** Opening The data block **

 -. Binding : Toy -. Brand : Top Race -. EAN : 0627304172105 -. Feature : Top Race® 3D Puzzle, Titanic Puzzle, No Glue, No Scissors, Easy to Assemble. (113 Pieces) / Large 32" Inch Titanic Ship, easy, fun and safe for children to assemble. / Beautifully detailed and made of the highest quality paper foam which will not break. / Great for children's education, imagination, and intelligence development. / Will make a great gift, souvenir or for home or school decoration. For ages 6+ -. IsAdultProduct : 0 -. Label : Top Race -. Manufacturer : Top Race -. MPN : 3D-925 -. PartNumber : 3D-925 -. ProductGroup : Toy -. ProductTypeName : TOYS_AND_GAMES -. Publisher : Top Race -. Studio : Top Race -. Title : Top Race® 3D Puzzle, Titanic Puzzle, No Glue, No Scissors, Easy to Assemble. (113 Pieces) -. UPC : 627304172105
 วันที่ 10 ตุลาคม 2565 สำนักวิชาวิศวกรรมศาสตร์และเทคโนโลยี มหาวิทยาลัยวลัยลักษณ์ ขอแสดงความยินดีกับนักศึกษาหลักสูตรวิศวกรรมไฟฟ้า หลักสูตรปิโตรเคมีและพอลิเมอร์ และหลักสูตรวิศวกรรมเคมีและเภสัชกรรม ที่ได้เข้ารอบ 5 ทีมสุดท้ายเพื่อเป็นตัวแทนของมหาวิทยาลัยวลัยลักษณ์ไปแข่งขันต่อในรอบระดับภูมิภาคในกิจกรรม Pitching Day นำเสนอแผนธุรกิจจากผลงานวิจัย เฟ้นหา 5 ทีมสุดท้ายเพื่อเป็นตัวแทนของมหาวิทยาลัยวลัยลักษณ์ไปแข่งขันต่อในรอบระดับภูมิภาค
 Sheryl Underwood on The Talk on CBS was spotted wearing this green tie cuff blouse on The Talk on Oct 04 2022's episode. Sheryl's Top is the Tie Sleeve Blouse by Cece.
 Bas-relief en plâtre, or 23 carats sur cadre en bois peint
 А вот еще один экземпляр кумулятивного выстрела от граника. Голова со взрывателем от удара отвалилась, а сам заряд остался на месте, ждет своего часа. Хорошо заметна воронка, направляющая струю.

** Closing The data block **

* **Task to carry out**
Copy, exactly and with nothing added, the lines from the one containing "Sheryl Underwood on" through the end of the records.

* **Response below**
 Sheryl Underwood on The Talk on CBS was spotted wearing this green tie cuff blouse on The Talk on Oct 04 2022's episode. Sheryl's Top is the Tie Sleeve Blouse by Cece.
 Bas-relief en plâtre, or 23 carats sur cadre en bois peint
 А вот еще один экземпляр кумулятивного выстрела от граника. Голова со взрывателем от удара отвалилась, а сам заряд остался на месте, ждет своего часа. Хорошо заметна воронка, направляющая струю.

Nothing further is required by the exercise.